Procédure devant la cour :
Par une requête et un mémoire, enregistrés les 3 septembre 2020 et 28 janvier 2021, M. C..., représenté par Me A..., demande à la cour :
1°) d'annuler ce jugement ;
2°) d'annuler l'arrêté du 11 juillet 2019 ;
3°) d'enjoindre au préfet de la Sarthe, à titre principal, de lui délivrer un titre de séjour, à titre subsidiaire, de procéder au réexamen de sa demande de titre de séjour, dans un délai de quinze jours à compter de la notification de la décision à intervenir, sous astreinte de 75 euros par jour de retard ;
4°) de mettre à la charge de l'Etat la somme de 2 000 euros qui devra être versée à son avocate en application de l'article L. 761-1 du code de justice administrative et de l'article 37 de la loi du 10 juillet 1991 relative à l'aide juridique.
Il soutient que :
sur le refus de titre de séjour :
- le tribunal administratif de Nantes, dans le jugement attaqué, a dénaturé les pièces du dossier entraînant des erreurs de droit ;
- son identité est parfaitement établie conformément à l'article R. 311-2-2 du code de l'entrée et du séjour des étrangers et du droit d'asile ;
- la décision méconnaît les dispositions du 2° bis de l'article L. 313-11 du code de l'entrée et du séjour des étrangers et du droit d'asile, en étant entachée d'une erreur de droit et d'une erreur manifeste d'appréciation ;
- la décision méconnaît les stipulations de l'article 8 de la convention de sauvegarde des droits de l'homme et des libertés fondamentales et est entachée d'une erreur manifeste d'appréciation des conséquences sur sa situation personnelle ;
sur la décision portant obligation de quitter le territoire français :
- l'annulation de la décision portant refus de titre de séjour doit entraîner l'annulation par voie de conséquence de l'obligation de quitter le territoire français ;
- la décision méconnaît les stipulations de l'article 8 de la convention de sauvegarde des droits de l'homme et des libertés fondamentales et est entachée d'une erreur manifeste d'appréciation des conséquences sur sa situation personnelle ;
sur la décision fixant le pays de destination :
- la décision n'est pas suffisamment motivée, révélant qu'aucun examen particulier de sa situation n'a été effectué.

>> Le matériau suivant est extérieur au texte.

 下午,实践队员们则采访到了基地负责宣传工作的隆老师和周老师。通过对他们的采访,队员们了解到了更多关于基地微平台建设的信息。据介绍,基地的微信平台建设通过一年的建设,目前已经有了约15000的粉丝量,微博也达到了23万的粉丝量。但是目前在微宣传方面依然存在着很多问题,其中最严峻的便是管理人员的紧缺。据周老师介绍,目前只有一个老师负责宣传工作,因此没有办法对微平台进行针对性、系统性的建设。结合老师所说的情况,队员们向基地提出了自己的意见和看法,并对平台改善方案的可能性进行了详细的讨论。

Par un mémoire en défense enregistré le 18 janvier 2021, le préfet de la Sarthe conclut au rejet de la requête.
Il fait valoir qu'aucun des moyens soulevés par le requérant n'est fondé.

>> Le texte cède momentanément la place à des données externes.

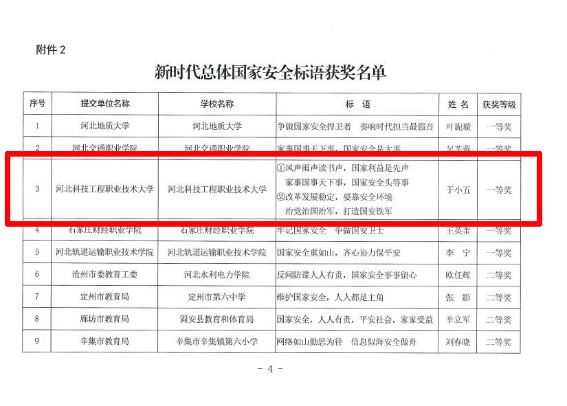 今年是习近平总书记提出总体国家安全观10周年。为深入展示新时代国家安全事业发展新气象,进一步增强全民国家安全意识和素养,丰富拓展国家安全宣传素材,办好第九个“4·15”全民国家安全教育日宣传教育活动,河北省教育厅开展新时代总体国家安全标语和安全随手拍图片征集大赛。365官网积极响应,踊跃报名参赛。经评审,于小五老师的两件参赛标语作品“风声雨声读书声,国家利益是先声;家事国事天下事,国家安全头等事。”“改革发展稳定,要靠安全环境;治党治国治军,打造国安铁军。”荣获一等奖。

M. C... a été admis au bénéfice de l'aide juridictionnelle totale par une décision du 5 août 2020.
Vu les autres pièces du dossier.
Vu :
- la convention européenne de sauvegarde des droits de l'homme et des libertés fondamentales ;
- le code civil ;
- le code de l'entrée et du séjour des étrangers et du droit d'asile ;
- la loi n° 91-647 du 10 juillet 1991 ;
- le code de justice administrative.
Les parties ont été régulièrement averties du jour de l'audience.
Le président de la formation de jugement a dispensé la rapporteure publique, sur sa proposition, de prononcer des conclusions à l'audience.

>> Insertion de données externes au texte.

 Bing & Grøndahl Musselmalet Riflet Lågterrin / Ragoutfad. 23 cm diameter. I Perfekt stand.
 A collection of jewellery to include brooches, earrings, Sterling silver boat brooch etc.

Ont été entendus au cours de l'audience publique :
- le rapport de Mme D...,
- et les observations de Me A..., représentant M. C....
Considérant ce qui suit :
1. M. C..., ressortissant malien né le 24 juillet 2001, déclare être entré irrégulièrement en France le 21 novembre 2016. Il a été pris en charge par les services de l'aide sociale à l'enfance le 25 novembre 2016. Il a, par la suite, sollicité du préfet de la Sarthe la délivrance d'un titre de séjour sur le fondement des dispositions du 2° bis de l'article L. 313-11 du code de l'entrée et du séjour des étrangers et du droit d'asile. Par un arrêté du 11 juillet 2019, le préfet de la Sarthe a pris à son encontre un refus de titre de séjour assorti d'une obligation de quitter le territoire français dans un délai de trente jours et a fixé le pays à destination duquel il pourra être reconduit d'office lorsque ce délai sera expiré ou tout autre pays pour lequel il établit être admissible. L'intéressé a demandé au tribunal administratif de Nantes d'annuler cet arrêté. Par un jugement du 11 juin 2020, le tribunal a rejeté sa demande. Il fait appel de ce jugement.
Sur la régularité du jugement attaqué :
2. Si le requérant soutient que le tribunal administratif de Nantes, dans le jugement attaqué, a dénaturé les pièces du dossier entraînant des erreurs de droit, un tel moyen qui concerne le bien-fondé du jugement attaqué, ne peut être utilement invoqué pour contester sa régularité.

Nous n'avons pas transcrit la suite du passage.